Mes quatre grands-parents et mon arrière-grand-mère sont décédés de mon vivant et même s'il est toujours triste de perdre une personne, rien dans ce monde ne peut vous préparer à perdre quelqu'un que vous venez de voir la veille, jeune, en bonne santé et plein de la vie. Surtout quand c'était quelqu'un que tu aimais.
Mais ai-je vraiment?
Je ne connais toujours pas la réponse à cela. Très probablement oui, mais pas de la manière habituelle que nous pensons à l'amour. Par-dessus tout, c'était un ami et une sorte de mentor pour moi, mais ce n'est pas non plus l'amour auquel je pense. Je pense que le mot juste pourrait être une âme soeur, mais pas dans le sens de la comédie romantique, plutôt quelqu'un avec qui vous n'avez pas toujours à être mais avec qui vous serez toujours connecté.
J'ai imaginé notre petite romance secrète se terminant par l'un de nous voyant l'autre à l'aéroport alors qu'ils partent, heureux et sans rancune. Et puis peut-être que nos chemins se croiseraient à nouveau, peut-être pas. Mais je saurais toujours qu'il est là, quelque part, et qu'il s'en soucie. J'ai été privé de cet adieu joyeux de la pire des manières.

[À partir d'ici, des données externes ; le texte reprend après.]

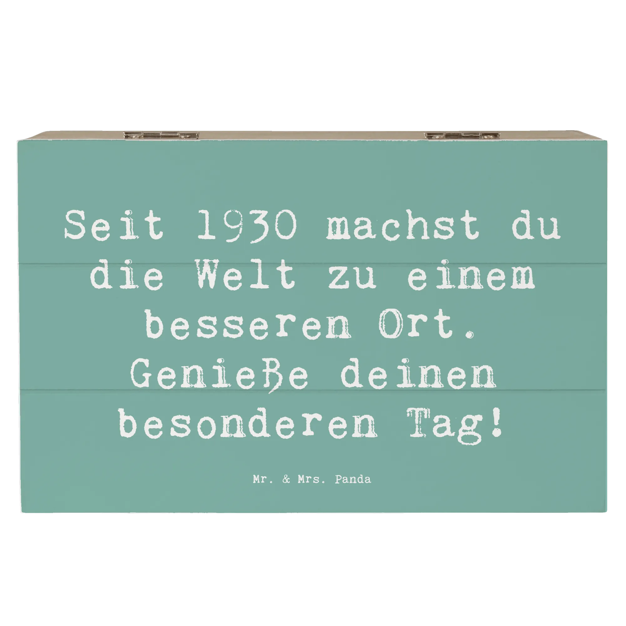 Mit dem eleganten Design in Meeresbrise und dem liebevoll handgezeichneten Motiv ‚Seit 1930 machst du die Welt zu einem besseren Ort. Genieße deinen besonderen Tag!‘ wird diese Kiste zum perfekten Highlight auf jeder Feier.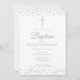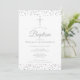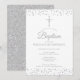 Con delicados corazones de plata sobre un fondo azul elegante, puedes personalizar estas elegantes invitaciones con los detalles especiales de tu bautizo en tipografía chic. Diseñado por Thisisnotme©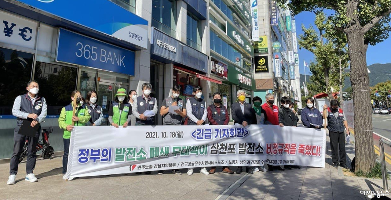 노조는 이날 오후 경남 창원 더불어민주당 경남도당 앞에서 기자회견을 열고 “문재인 정부와 더불어민주당이 정규직 전환 약속만 지켰어도 고인의 죽음을 막을 수 있었다”고 주장했다. 홍종한 노조 경남본부장은 “고 김용균씨가 사망한 뒤 정부는 발전소 비정규 노동자를 정규직으로 전환하겠다고 약속했지만 지키지 않았다”며 “석탄화력발전소를 폐쇄하면서 노동자들의 고용을 보장하기 위한 대책은 내놓지 않고 있다”고 강조했다.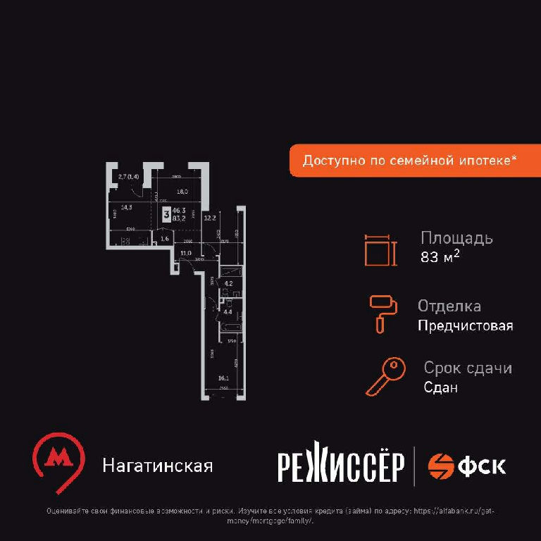 Жилая площадь 46.3 м2, кухня 14.3 кв. м, ремонта нет, окна выходят во двор.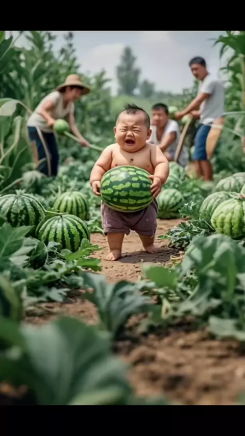 bebê e a plantação de melancia ☺️ #baby #ia #Interressante #Comida #maisviews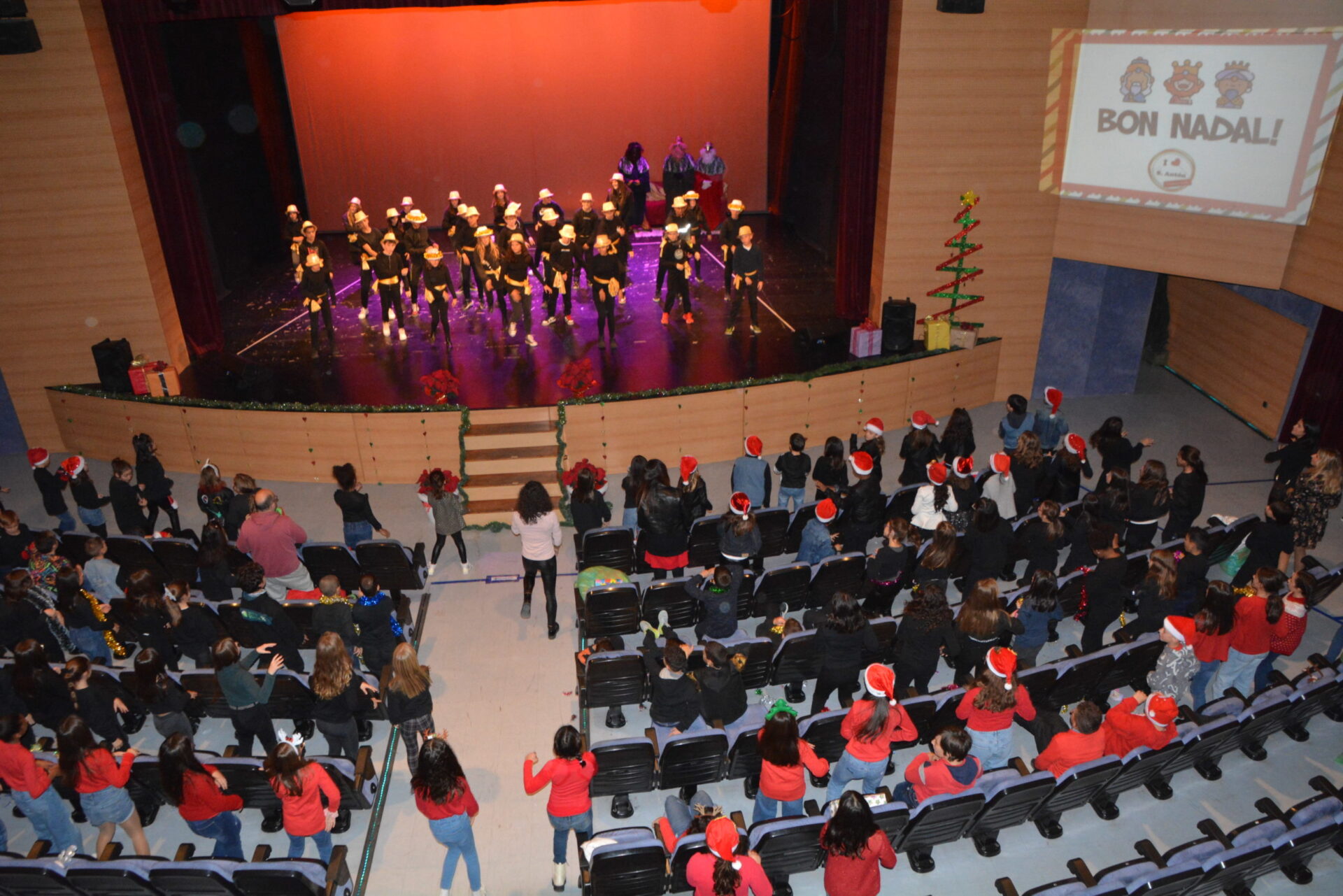 L’alumnat, per cursos, que ha pujat a l’escenari per interpretar conegudes nadales, algunes amb un ritme diferent, altres amb instruments, altres ballades amb coreografies.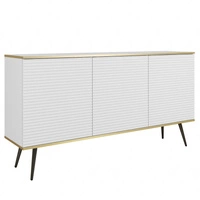 Luxusní komoda 160 cm bílá elegantní design stylová drážkovaná čela korpus komody doplněný zlatým lemováním černé kovové nohy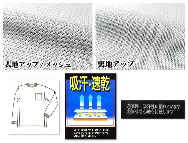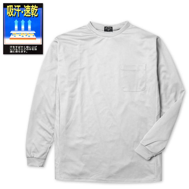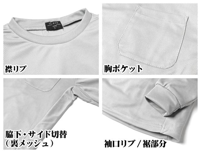 【送料無料】紳士 メンズ 吸汗速乾 長袖 Tシャツ メッシュ 通気性 ドライ 爽快な着心地 無地 胸ポケット M L LL ys-0004b-gy【メール便対応】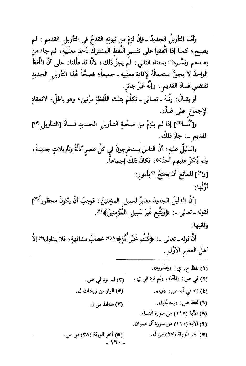 يصح كما إذا اتفقوا على تفسير اللفظ المشترك بأحد معنييه ثم جاء من بعدهم وفسره بمعناه الثاني لم يجز ذلك لأنا قد دللنا على أن اللفظ الواحد لا يجوز استعماله لإفادة معنييه جميعا فصحة هذا التأويل الجديد تقتضي فساد القديم وإنه غير جائز أو يقال إنه تعالى تكلم بتلك اللفظه مرتين وهو باطل لانعقاد الإجماع على ضده وإما اذا لم يلزم من صحة التأويل الجديد فساد التأويل القديم جاز ذلك والدليل عليه أن الناس يستخرجون في كل عصر أدلة وتأويلات جديدة ولم ينكر عليهم أحد فكان ذلك إجماعا وللمانع أن يحتج بأمور أولها أن الدليل الجديد مغاير لسبيل المؤمنين فوجب أن يكون محظورا لقوله تعالى ويتبع غير سبيل المؤمنين وثاينها أن قوله تعالى كنتم خير أمة خطاب مشافهة فلا يتناول إلا أهل العصر الأول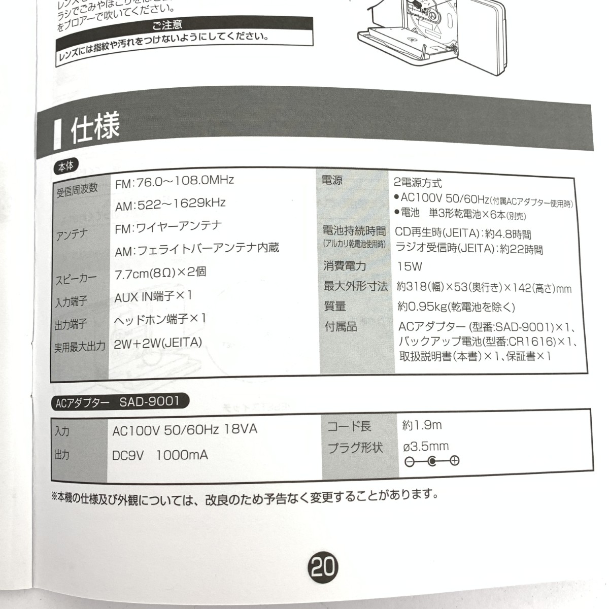 ミニコンポ/ステレオCD SAD-4338/W |
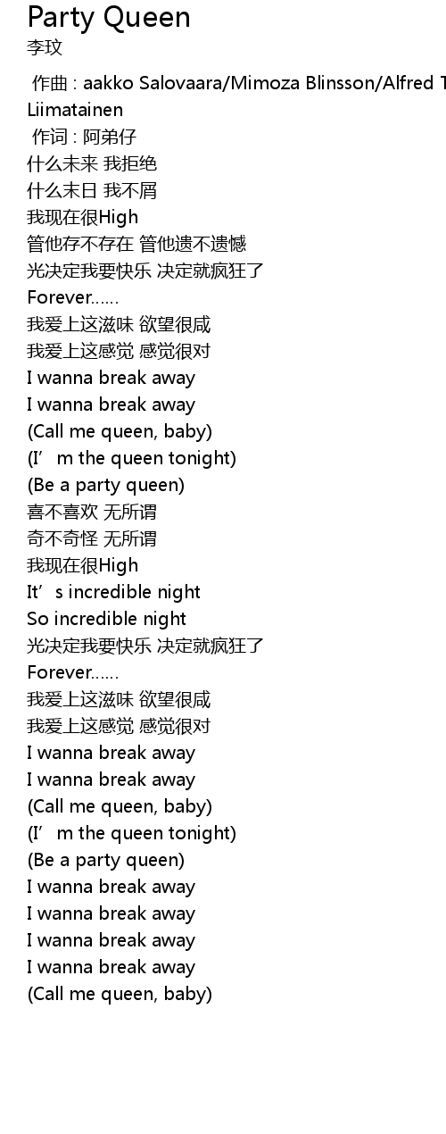 | [03:17.910] | (Call me queen, baby) |

Mais peut-être que tout cela n'a pas de sens. Après tout, nous avons tendance à ne nous souvenir que des bonnes choses à propos des gens qui ne sont plus là.
J'ai tendance à oublier le comportement du joueur que je ne tolérerais absolument pas maintenant que je suis plus âgé et plus sage. J'ai tendance à oublier le fait qu'il n'avait pas grand-chose à faire dans la vie à l'époque et que mon moi plus expérimenté ne lui donnerait probablement pas à n'importe quel moment de la journée. Je ne me souviens pas des négatifs. Mais ça va. J'ai tendance à me concentrer sur les parties que j'aimais et admirais à son sujet, celles qui m'ont fait ouvrir les yeux de bien des manières et m'ont aidé à devenir la personne que je suis aujourd'hui.
Le maintenant.
Cela va faire quatre ans depuis l'accident. J'ai maintenant le même âge que Jay quand il est décédé et je n'ai jamais pensé que je vivrais même aussi longtemps. Parfois, j'ai toujours l'impression que quelque chose va m'arriver à tout moment sans aucune raison valable.
Moi aussi, bien que je ne sois pas réellement présent sur les lieux, je souffre encore de légers flashbacks et de tiques qui pourraient probablement tomber sous l'étiquette de PTSD. Je suis mal à l'aise autour des cascades, par exemple, et je soupçonne que les vagues qui me font pleurer en surfant ont aussi quelque chose à voir avec cela.
Au fil des ans, j'ai essayé tout ce à quoi je pouvais penser pour obtenir la clôture, de la thérapie aux médiums et aux «guérisseurs alternatifs» et rien de tout cela n'a vraiment aidé. La seule chose qui améliore les choses, c'est le temps. Je voudrais dire que je suis complètement au-dessus maintenant, mais en réalité, je ne sais pas.
Je vais au quotidien, j'ai réussi à terminer mon diplôme, j'ai voyagé, travaillé, daté, déplacé des pays, même fait du canoë et nagé sous des chutes d'eau pour me prouver que je pouvais le faire. Et même si j'ai désespérément voulu mourir plusieurs fois, j'ose dire que j'ai vécu. Mais de temps en temps, je me souviens encore et je pleure. J'ai mes propres rituels et chansons qui m'aident à ne pas oublier. C'est peut-être la seule chose qui me hantera pour toujours. Qui sait.
Pour moi, cette histoire est ce qui me fait me sentir le plus vulnérable et exposé. Il révèle mon cœur nu et nu. C'est aussi sensible que possible et j'ai toujours l'impression d'en faire beaucoup plus que quand je le raconte. Je n'en ai parlé qu'à une poignée de personnes en qui j'avais absolument confiance jusqu'à ce jour.
Ce n'était pas une décision facile de vendre ma faiblesse et ma vulnérabilité à Medium pour quelques centimes. Mais plus je le partage, moins il a de pouvoir sur moi.
Et quatre ans plus tard, je sens que j'ai enfin besoin de me libérer.